There is no memory leak in the above code.

As soon as you leave the code block enclosed in {} , the variable l falls out of scope, and the List is a candidate for garbage collection, regardless of if you set it to null first or not.

However , after the code block and until the return of the method, the List is in a state called invisible . While this is true, the JVM is unlikely to automatically null out the reference and collect the List 's memory. Therefore, explicitly setting l = null can help the JVM collect the memory before you do your memory calculations. Otherwise, it will happen automatically when the method returns.

You will probably get different results for different runs of your code, since you never know exactly when the garbage collector will run. You can suggest that you think it should run using System.gc() (and it might even collect the invisible List even without setting l = null ), but there are no promises. It is stated in the javadoc for System.gc() :

Calling the gc method suggests that the Java Virtual Machine expend effort toward recycling unused objects in order to make the memory they currently occupy available for quick reuse. When control returns from the method call, the Java Virtual Machine has made a best effort to reclaim space from all discarded objects.

Answer 2

I think there's a bit of semantics issue here. "Memory leak" generally means having some data stored in memory by a program (piece of software, etc) and getting that program into a state where it can no longer access that in-memory data to clean it up, thus getting into a situation where that memory cannot be claimed for future use. This, as far as I can tell, is the general definition.

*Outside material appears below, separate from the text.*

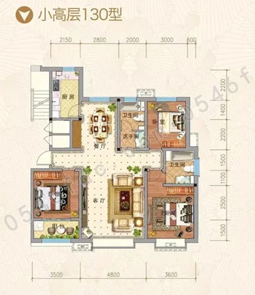【金辰胜泰花苑】河景小高层130型 三室两厅两卫户型图
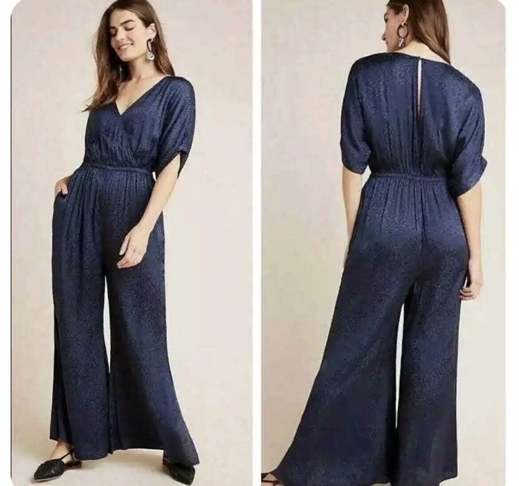 New Maeve for Anthropologie blue jumpsuit. Perfect outfit for the party or different other occasions. Retail price $170. Side pockets, elastic waist, hook and eye closure at the V neck, side leg slit. Silky material, easy to put on and off. Length: 57”, length from waist down: 47”, waist: 31”, front rise: 15” 100% viscose

A real-world use of the term "memory leak" is usually in reference to programming languages where it's up to the developer to manually allocate memory for the data that he intends to place on the heap. Such languages are C, C++, Objective-C (*), etc. For example the "malloc" command or the "new" operator both allocate memory for an instance of a class that will be placed in the heap memory space. In such languages, a pointer needs to be kept to those thusly allocated instances, if we later-on want to clean up the memory used by them (when they're no longer needed). Continuing on the above example, a pointer referencing an instance that has been created on the heap using "new" can later on be "removed" from memory by using the "delete" command and passing it the pointer as parameter.

Thus, for such languages, a memory leak usually means having data placed on the heap and subsequentlly either:

• arriving into a state where there's no longer a pointer to that data or
• forgetting/ignoring to manually "de-allocate" that on-the-heap data (via it's pointer)

Now, in the context of such a definition of "memory leak" this can pretty much never happend with Java. Technically, in Java it's the Garbage Collector's task to decide when heap-allocated instances are no longer referenced or fall out of scope and clean them up. There's no such equivalent of the C++ "delete" command in Java that would even allow the developer to manually "de-allocate" instances/data from the heap. Even making all the pointers of an instance null will not immediatelly free up that instance's memory, but instead it will only make it "garbage collectable" leaving it to the Garbage Collector thread(s) to clean it up when it makes its sweeps.

Now, one other thing that can happen in Java is to never let go of pointers to certain instances, even though they will no longer be needed after a given point. Or, to give certain instance a scope that's too big for what they are used. This way, they will hang around in memory longer than needed (or forever, where forever means until the JDK process is killed) and thus not have them collected by the Garbage Collector even though from a functional stand-point they should be cleaned up. This can lead to behaviour similar to a "memory leak" in the broader sense where "memory leak" simply stands for "having stuff in memory when it's no longer needed and having no way to clean it up".

Now, as you can see, "memory leak" is somewhat vague, but from what I can see, your example doesn't contain a memory leak (even the version where you don't make l=null). All your variables are in a tight scope as delimited by the accolade block, they are used inside that block and will fall out of scope when the block ends, thus they'll be Garbage Collected "properly" (from the functional stand-point of your program). As @Keppil states: making the pointer null will give the GC a better hint as to when to clean up it's corresponding instance, but even if you never make it null, your code will not (un-necessarely) hang on to instances, so no memory leak there.

A typical example of Java memory leak is when having code deployed into a Java EE application server, such that it will spawn threads outside the control of said application server (imaging a servlet that starts a Quartz job). If the application is deployed and undeployed multiple times, it's possible that some of the threads will not be killed at undeploy time, but also (re) started at deploy time, thus leaving them and any instances they might have created hang uselessly in memory.

(*) The later versions of Objective-C also give the possibility to have heap memory managed automatically, in a fashion similar to Javas Garbage Collection mechanism.

Answer 3

The real answer is that unless the code is JIT'd all local variables are 'reachable' within the method body.

Morealso, curly brackets do absolutely nothing in the bytecode . They exist only in the source level - JVM is absolutely unaware of them. Setting l to null effectively frees the reference up off the stack, so it's GC'd for real. Happy stuff.

If you used another method instead of an inline block everything would have passed w/o any surprises.

If the code is JIT'd and the JVM compiler has built reaching-definitions (also this) most likely setting l=null would have no effect and memory be freed in either case.

Answer 4

Question: In case of removing l = null; (do not have this line of code), is this a memory leak?

No, but it facilitates the gc in claiming the memory if you do this "pattern"